TRUMP: OK. Well, he set up a way to end stuff
CONWAY: How exactly will it end the world?
— Owen Ellickson (@onlxn) October 29, 2016
TRUMP: It’s taken care of.
CONWAY: I’m curious.
TRUMP: C’mon. Isn’t it more fun to be surprised?
Ellickson’s election storylines ranged from realistic (House Speaker Paul Ryan‘s helpless exhaustion in the face of Trump’s antics) to hilariously bizarre (the Baldwin brothers as an insular society with Alec Baldwin passing judgment as the “king”), a kind of fast-moving storytelling that could only work on Twitter, in an already Twitter-obsessed election year.
Alexandra Petri in the Washington Post
Alexandra Petri is perhaps the only writer on this list who would explicitly characterize her work as fanfiction, although most fanfic authors don’t have a contract with the Washington Post.

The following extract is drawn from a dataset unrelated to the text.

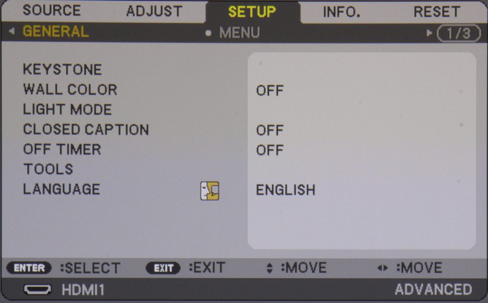 Across the top of the Setup menu are listed the available categories of setup related sub-menus (i.e., General, Menu, and pages 2 and 3 of the setup menu). The top-level Setup>>>General menu is shown in the 1st gallery photo above. Under ‘General’ are settings for such things as keystone correction and the menu language. The 2nd photo shows the sub-menu for Light mode where normal or two different lower power Eco modes can be selected. The 3rd photo shows the "Tools" sub-menu.

my phone autocorrects “financial” to “fanfic jail” if you want to know exactly how my life is going right now
— Alexandra Petri (@petridishes) September 27, 2016
Caught somewhere between the sharp satire of the Onion, the warmth and savviness of the Toast, and the informative nature of The Daily Show, Petri’s column wrung humor out of the darkest days of this interminable election.
Her coverage runs the gamut from fictionalized debate recaps (“The Mansplaining Olympics”) to literary parodies, using popular media narratives to set up punchlines like Hillary Clinton as the adult version of Roald Dahl’s nerd girl heroine Matilda. It’s hard to pick out any one column as a specific highlight, but you can’t help but revel in the absurdity of Petri’s imagined backstory for Melania Trump saying her husband was “led on” by Billy Bush.

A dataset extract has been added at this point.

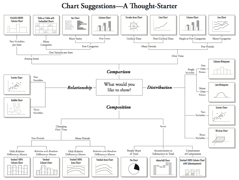 With more data present than ever before, understanding how to visualize data is a useful skill. To that end, I thought I’d share a “chart suggestions thought starter” infographic. Most of it is common sense.

“I met him today,” Donald said.
“Who?” But Melania knew that Donald could only possibly mean one person. There had been so many framed pictures of him in the house, working the red carpet like a pro, smiling his megawatt smile. The man with the alliterative name. (Or was it assonant? No, Melania thought, alliterative had been right. Assonant was for vowel sounds.) Billy Bush. How Donald idolized him! How he looked up to him! Just the other day when Donald was doing a few tentative exercises with his chest expander, Melania had whispered to him, “That’s the spirit, Donald! Soon you will have abs like Billy Bush!” And Donald had smiled all over, as though the compliment warmed him from the inside out. He had worked the chest expander until he sweated profusely.
Petri’s work stands out not just because she had the stamina to keep writing like this months on end, but because her humor relies on a kernel of sincerity. On the eve of the election, her latest column explored an alternate timeline where Trump’s life was changed by reading a novel called The Kingfisher as a child: an appropriately strange and heartfelt epilogue to the year.